Contributed by Seth Reid, following a vigorous class discussion with guest presentation by Genevra Ornelas.
Our March 4th class discussion revolved around urban forestry and how it pertained to an article written by John M. Anderis, Marcos A. Jannsen, and Elinor Ostrom. This article provided, “A Framework to Analyze the Robustness of Social-ecologcial Sytems from an Institutional Perspective.” The discussion was lead by a former graduate student, Genevra Ornelas, who is a certified arborist that worked with Canopy in Palo Alto and Tree Fresno. Both organizations are comprised of urban foresters who plant trees around their cities in order to enhance the social welfare of the inhabitants of their respective urban forests.
So what is a Social-ecological system (SES) and how does an urban forest fit within the system? A SES is an ecological system that is intricately linked with and affected by one or more social system (Anderis et. al 2004). Fresno’s SES is the city, its buildings and roadways, its trees and vegetation, its municipalities, and its people. All these variables interact with each other and affect Fresno’s hydrology, its temperature, its pollutants, and its infrastructure. A healthy urban forest can mitigate many of the negative effects of urbanization.
Trees improve hydrology by increasing water infiltration and reducing runoff. They reduce temperature by providing shade, decreasing albedo at the surface level, and decreasing the urban island effect. They decrease air pollution by removing particles from the air. They can even improve infrastructure by protecting asphalt, wood, and plastics from UV rays and heat damage. A tree can save the community time, money, and valuable resources in the long run.
Urban forestry organizations are the voice that advocate for trees. They are the liaison between public knowledge and institutional knowledge. Probably the most important role they have is to educate the public on the importance of trees and how trees integrate with local institutions and municipalities. An educated public can make informed decisions on where to plant trees, and which trees to plant. Organizations such as Canopy and Tree Fresno also help facilitate this by providing trees, hosting celebrations, and presenting awards to citizen tree stewards.

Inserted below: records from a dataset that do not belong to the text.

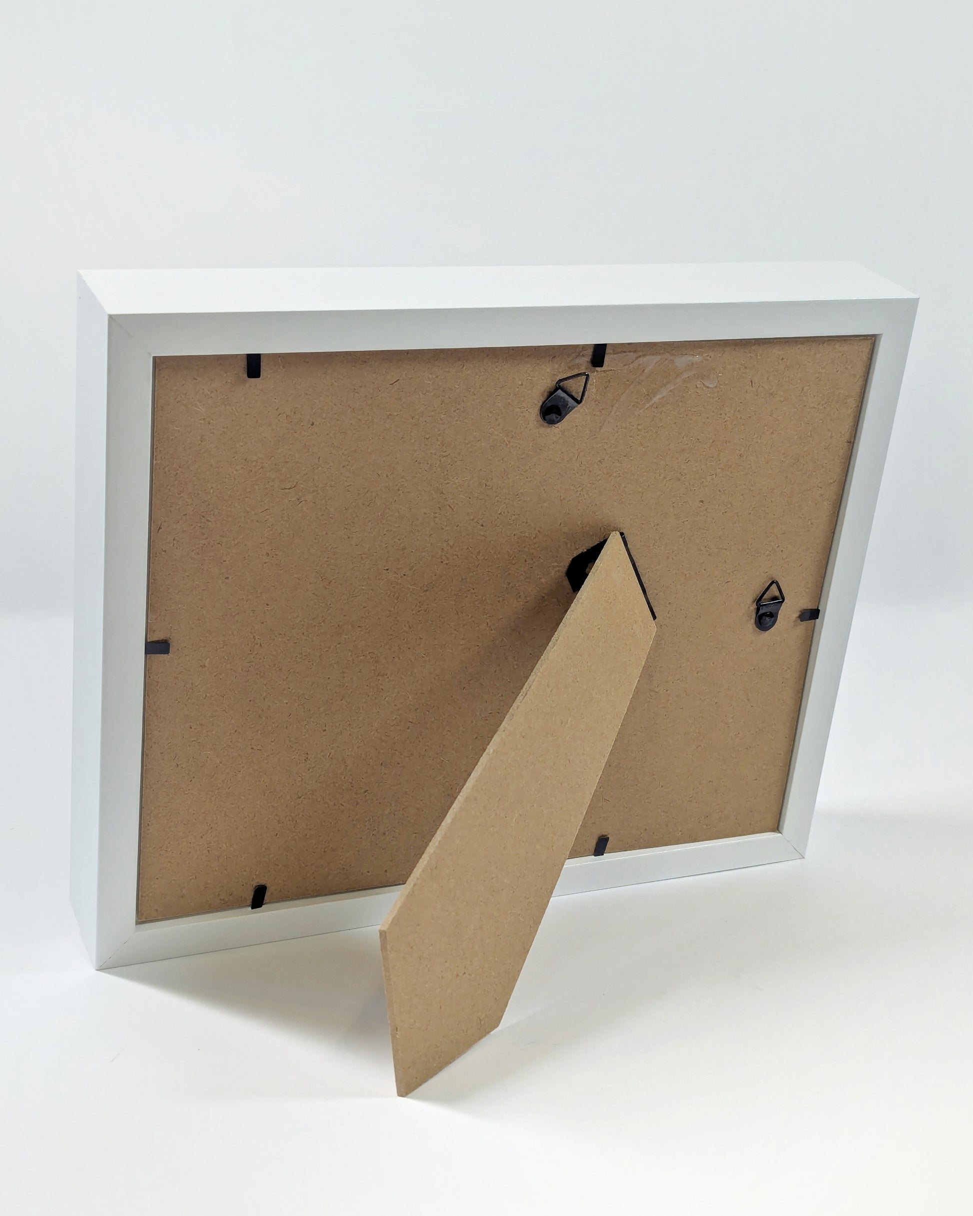 Framed in a 23cm x 28cm x 4.5cm white box frame. Can be stood or hung. There is some slight damage to the back board of the frame, therefore £25 has been taken off the price.
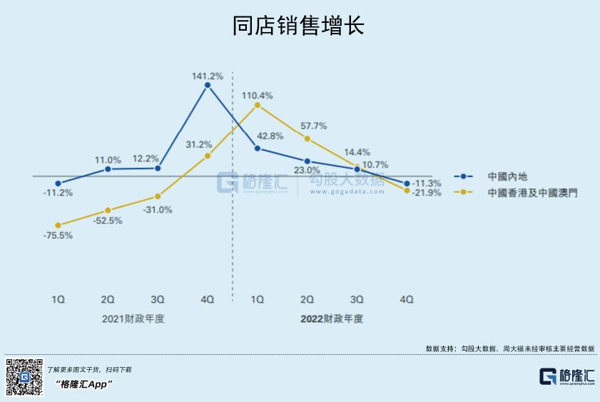 虽然周大福门店数量增加了很多,但同店销售业绩的下滑也值得关注。2022财年,周大福珠宝的内地直营零售点销售增长呈下滑趋势。
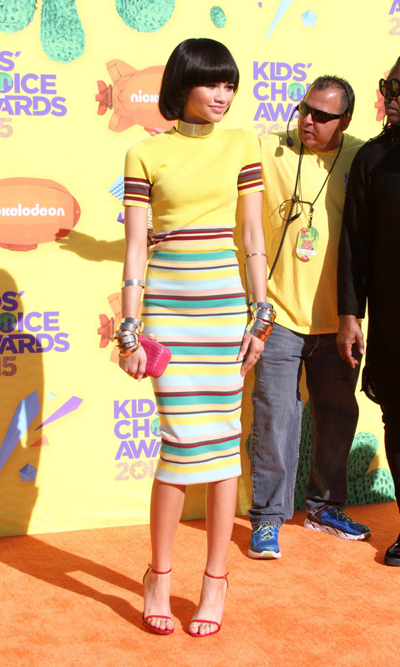 Am obsessed with her style. She has great instincts. The heavy-fringe 70s wig at Kids’ Choice on Saturday? On top of that gold choker that picked up the stripes in the outfit? Ariana Grande couldn’t do that.
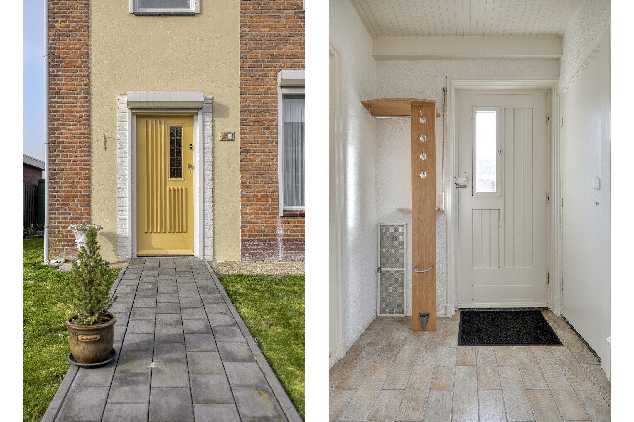 Via de strak aangelegde voortuin bereik je de entree van de woning. Binnenkomst is in de hal, waar zich ook de vaste trap naar de eerste verdieping bevindt. Vanuit de hal loop je door naar de leefruimtes op de begane grond.
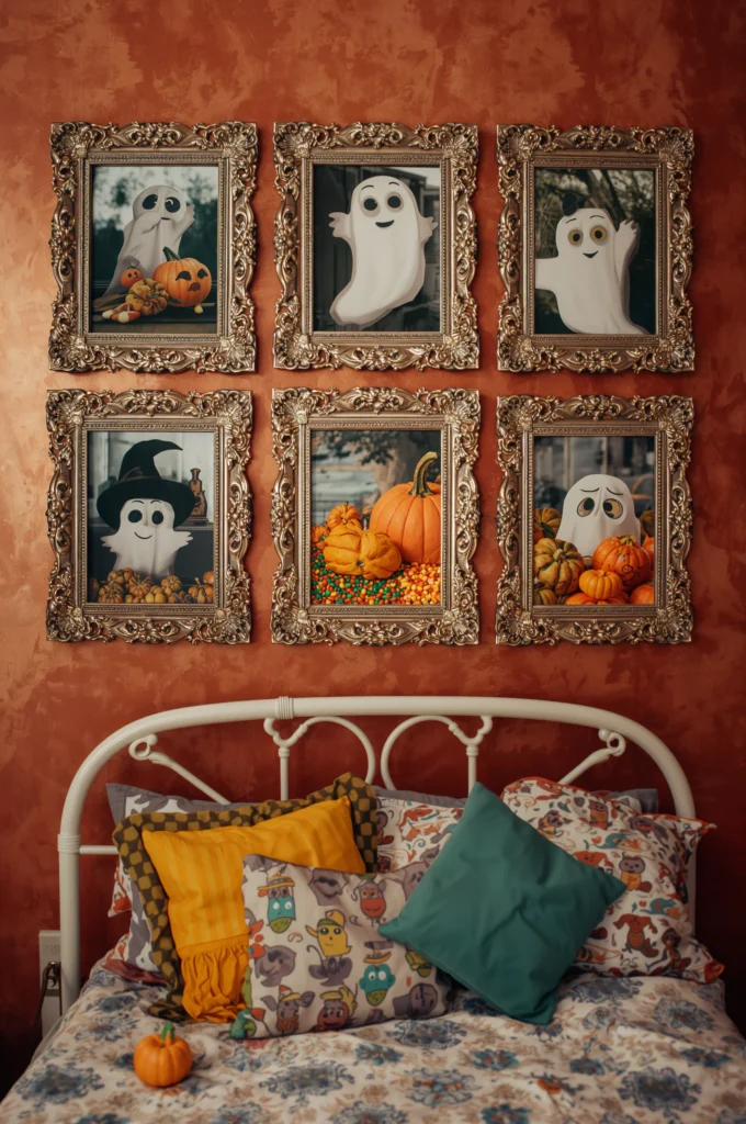Seasonal wall art is a quick way to change up the vibe of a room. You don’t need expensive prints—simply download free Halloween printables and frame them. Designs like “Trick or Treat,” cute ghosts, or candy illustrations make perfect art for kids rooms. For a bolder look, hang canvas art featuring pumpkins or haunted houses. If your child loves DIY, they can even create their own Halloween paintings to display. Choose lightweight frames or washi tape to hang them safely. Rotating artwork with the seasons keeps the bedroom fresh and exciting. Wall art adds personality without taking up floor or shelf space.
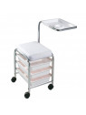 Mesa asiento manicura con bandeja. 3 cajones, cojín apoyamanos y ruedecitas para un fácil manejo.
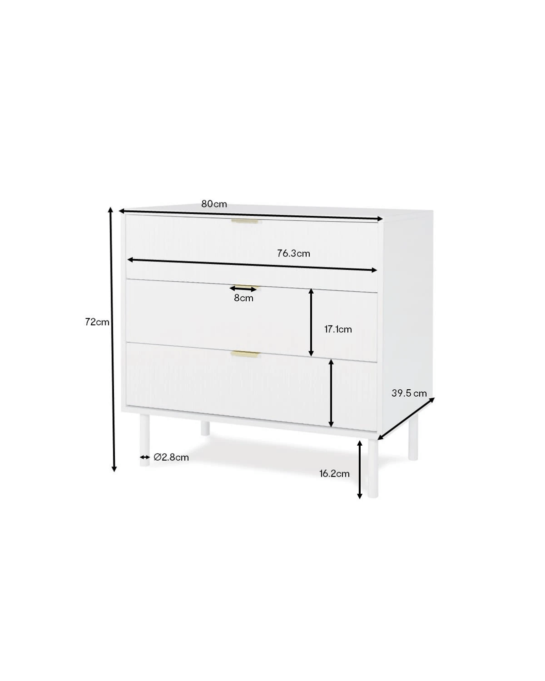 Alfie 3 Drawer Unit Specifications
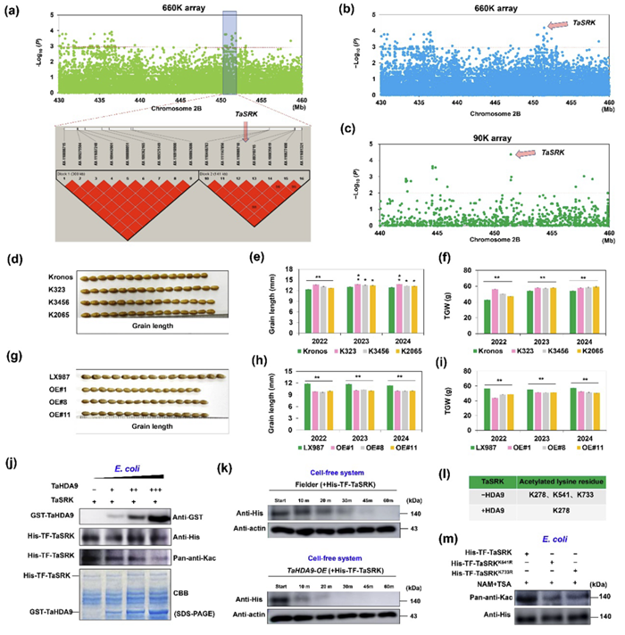 为了挖掘小麦籽粒大小调控基因,本研究对349份小麦材料进行了多年多点的籽粒大小和千粒重调查,通过GWAS分析确定一个多环境显著的Block、该区间包含了11个候选基因,并进一步结合EMS突变体库、转录表达和小麦Pan800K的基因测序信息等锁定TaSRK为关键候选基因(图1b-c),该基因存在4种单倍型,其中TaSRK-Hap1的粒长和千粒重显著较高。连续3年田间数据显示,TaSRK过表达转基因小麦粒长变短、千粒重显著下降,而突变体则显示粒长变长、千粒重显著上升(图1d-i)。以TaSRK蛋白为诱饵,通过酵母双杂交筛选小麦cDNA文库,确定了一个组蛋白去乙酰化酶TaHDA9。实验证实TaSRK和TaHDA9存在蛋白互作。体外和半体外去乙酰化实验均证实TaHDA9直接去乙酰化TaSRK的2个赖氨酸位点K541和K733,并由此降低其蛋白积累(图1j-m)。2022-2024连续3年农艺性状调查结果表明,TaHDA9过表达转基因小麦籽粒变长、千粒重显著增加,而突变体籽粒变短、千粒重显著下降。
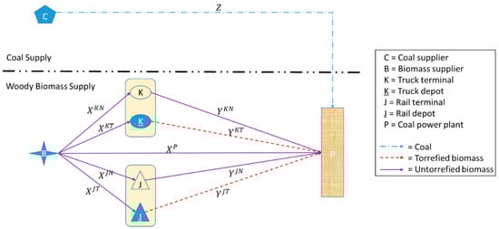Figure 2 shows basic sets and decision variables for the mathematical model used in the research. As shown, biomass shipments for non-torrefied (N) and torrefied (T) biomass are considered separately. and indicate the truck flow of biomass transported from supplier (feedstock origin) to truck terminal or depot, respectively. and represent the truck flow of biomass transported from supplier to rail terminal or depot, respectively. shows the direct trucking flow of biomass transported from supplier to power plant. In addition, and indicate the truck flow of biomass transported from truck terminal and depot to power plant, respectively and for rail transportation, and show the biomass flow transported from rail terminal and depot to power plant, respectively. Please note that the two flows shipped through depots ( and ) are torrefied woody biomass. A flow of coal from existing coal supplier to power plant is expressed by .

Simply planting trees in our cities is not the answer to all our problems. Dave Craig, an economics professor from the University of Wellington in New Zealand used to challenge our class with a quote, “To Every Complex Question, there is a simple answer, and it’s wrong.” Many trees emit volatile organic compounds, drop limbs, possess extensive canopies and root systems that can damage infrastructure. They do not respect property boundaries, and may do mischievous things like tap into a neighbor’s septic system or uproot city sidewalks. The right tree in the right place can help minimize the risks involved, but risks will still be present. Planting a tree that will bring more benefits then risks is quintessential.
A key component to urban forestry is the concept of the right tree in the right place. As we discussed in class, this is just another example of how humans assert their dominance and control nature. We control what trees grow where and genetically modify them to fit our needs. We select against smelly trees such as female ginkos, or messy trees like female Chinese pistache trees. We breed them to grow larger flowers such as saucer magnolias, or to produce no offspring like fruitless mulberries. We want the benefits of the trees, but we want to avoid many of the drawbacks that come with them. Often we prefer the living dead over “natural” trees. We want our trees to fulfill our needs, but we do not want to reciprocate. We want to control nature.
“The right tree in the right place” is a mantra that has been ingrained into my head over the last three years. In the interim between my undergraduate studies and graduate school I accepted the first job that was available; I became a utility forester with a company called ACRT Inc. My company is a PG&E contractor that is responsible for inspecting trees around the high voltage power lines. As a utility forester I am responsible for maintaining the power line right-of-way by assessing health and grow rates of trees. If a tree is in danger of encroaching upon the right-of-way and disrupting power then I list it for trim or for removal.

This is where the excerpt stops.